Table 1. Force field parameters of related atoms in the Clayff force field.

Species	Symbol	Charge (e)	D0 (kcal/mol)	R0 (Å)
Water hydrogen	Hw	0.4100
Hydroxyl hydrogen	Ho	0.4250
Water oxygen	Ow	−0.8200	0.1554	3.5532
Hydroxyl oxygen	Oh	−0.9500	0.1554	3.5532
Octahedral iron	Fe	1.5750	9.0298 × 10−6	5.5070
Aqueous sodium ion	Na	1.0000	0.1000	2.6378
Aqueous chloride ion	Cl	−1.0000	0.1001	4.9388
Bridging oxygen	Ob	−1.0500	0.1554	3.5532
Setrahedral silicon	St	2.1000	1.8405 × 10−6	3.7064
Hydroxide calcium	Cah	1.0500	5.0298 × 10−6	6.2428
Aqueous calcium ion	Ca	2.0000	0.1000	3.2237

Note: D₀ and R₀ are parameters in the Lennard-Jones (L-J) potential energy function, which are used to describe the non-bond interaction (van der Waals force) and respectively represent the energy parameter and the distance parameter.

.

The molecular dynamics algorithm is employed as follows. First, perform geometric optimization to achieve energy minimization of the structure. Next, under the isothermal-isobaric ensemble (NPT) conditions at 300 K and 101.3 kPa, relax the structure for 30 ps to attain thermodynamic equilibrium. Finally, conduct 100 ps molecular dynamics simulations using the canonical ensemble (NVT) at temperatures of 300 K, 330 K, 360 K, and 390 K. The simulation time step is set to 1 fs, with data output every 100 steps, to investigate interfacial properties, diffusion behavior, dynamic characteristics, and interparticle interactions of the system under different temperatures.

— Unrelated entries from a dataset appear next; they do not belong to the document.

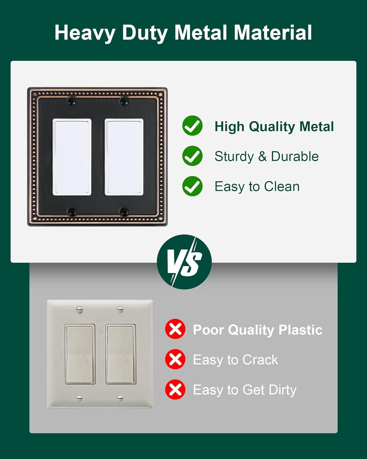 • Timelessly Elegant - The double decorator outlet covers feature an exquisite aged bronze finish with a traditionally styled beaded border. Offering a functional yet elegant enhancement to your home decor. Stylish wallplate effortlessly blends practicality with a refined decorative accent and sophisticated charm.
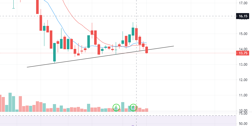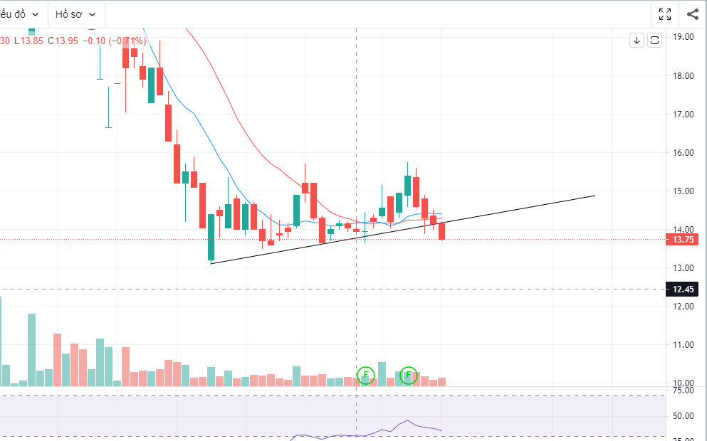Trường hợp nào NVL sẽ vào trend giảm? Nó sẽ vào trend giảm khi thủng 13 với vol gần bằng hoặc lớn hơn vol ngày 27/12 tức là khoảng từ 25m trở lên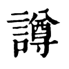康熙字典說文解字古漢語字典國語詞典廣韻字典近義詞字典網>> 國語字典>>譐的拼音,譐的五筆,譐的解釋 譐拼音:zǔn注音:ㄗㄨㄣˇ 部首:言 鄭碼:SUFD 四角號碼:08646 五筆86編碼:yusf 五筆98編碼:YUSF筆順:捺橫橫橫豎折橫捺撇橫豎折撇折橫橫橫豎捺譐的倉頡:YRTWI筆劃:共 19 劃Unicode:U+8B50譐的解釋譐 zǔn 古同“噂”。 筆畫數:19; 部首:言; 筆順編號:4111251431253511124 譐的同音字罇 鱒 僔 捘 尊 鶎 譐 鐏 噂 鱒 遵 鷷 樽 銌 嶟 譐相關字典譐康熙字典譐廣韻譐的相關詞語譐誻 譐譐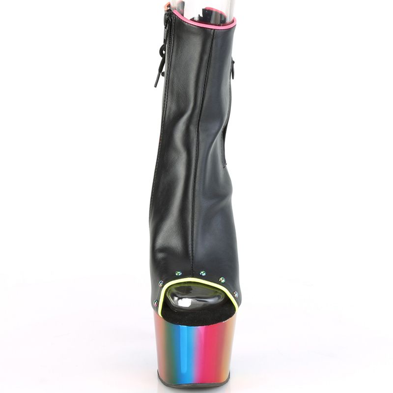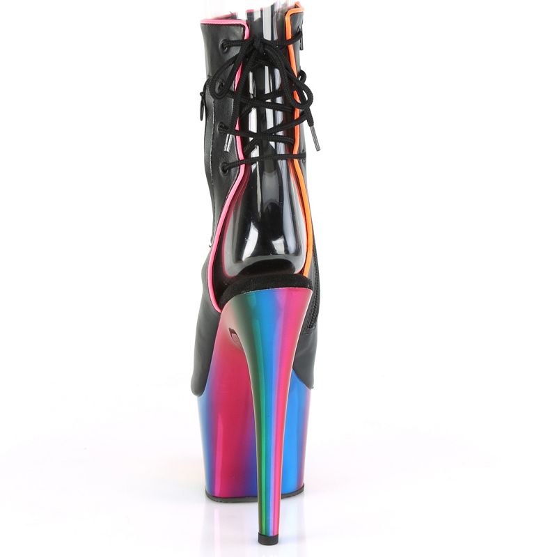 Découvrez l'apogée du style futuriste et fétichiste avec les Bottines à Lacets Plateforme Arc-en-ciel ADORE-1018RC-02 de la marque de référence Pleaser. Ces bottines noires en faux cuir avec des accents Chrome Arc-en-ciel (ADO1018RC-02/BPU/CH) sont une œuvre d'art, conçues pour celles et ceux qui osent se démarquer.

3. Results and Discussions

3.1. Adsorption Properties

Figure 3 depicts the chloride ion distribution along the Z-axis (ranging from 15 Å to 45 Å) within the nanopore model, showing the influence of temperature on the chloride adsorption properties at the interfaces of C-S-H and γ-FeOOH. Firstly, elevated temperatures increase chloride ion peak intensities at both the C-S-H and γ-FeOOH interfaces, with a more pronounced enhancement observed at the γ-FeOOH interface compared to the C-S-H gel. For example, within the measured distance range, the peak intensity for 390 K at the γ-FeOOH interface is notably higher compared to 300 K, while the increment at the C-S-H interface is relatively less steep. This indicates that high temperatures indeed promote the adsorption of chloride ions by the matrix. The passive film (γ-FeOOH), in particular, exhibits a remarkable enhancement in chloride adsorption capacity with increasing temperatures. This conclusion agrees with a previous study [33] on the temperature-dependent behavior of chloride ion migration, in which, when the temperature increases from 0 °C to 35 °C, the diffusion depth of chloride ions substantially increases from 41 mm to 89 mm.

Secondly, the chloride intensity profile shifts toward the C-S-H gel layer under thermal effects, accompanied by partial chloride penetration into the C-S-H structure. At a temperature of 300 K, the chloride ion distribution is more concentrated near the γ-FeOOH interface than at a temperature of 390 K. Meanwhile, as the temperature increases, there is a clear trend of the distribution spreading towards the C-S-H layer, suggesting that thermal energy facilitates the movement of chloride ions from the outer regions towards the C-S-H gel. This penetration may disrupt the internal structure of the C-S-H gel to some extent and potentially affect its mechanical and chemical properties. Notably, across all the measured temperatures of 300 K to 390 K, there is no observable tendency of chloride ions to intrude into the γ-FeOOH layer at its surface. The intensity profiles near the surface of the γ-FeOOH layer remain relatively stable, indicating that the passive film serves as an effective barrier against chloride-induced steel corrosion. This is crucial because, before the degradation of the passive film (represented by the γ-FeOOH in this study), its integrity can prevent chloride ions from directly reaching the steel substrate, thereby safeguarding the steel from corrosion and prolonging the service life of the reinforced concrete structure.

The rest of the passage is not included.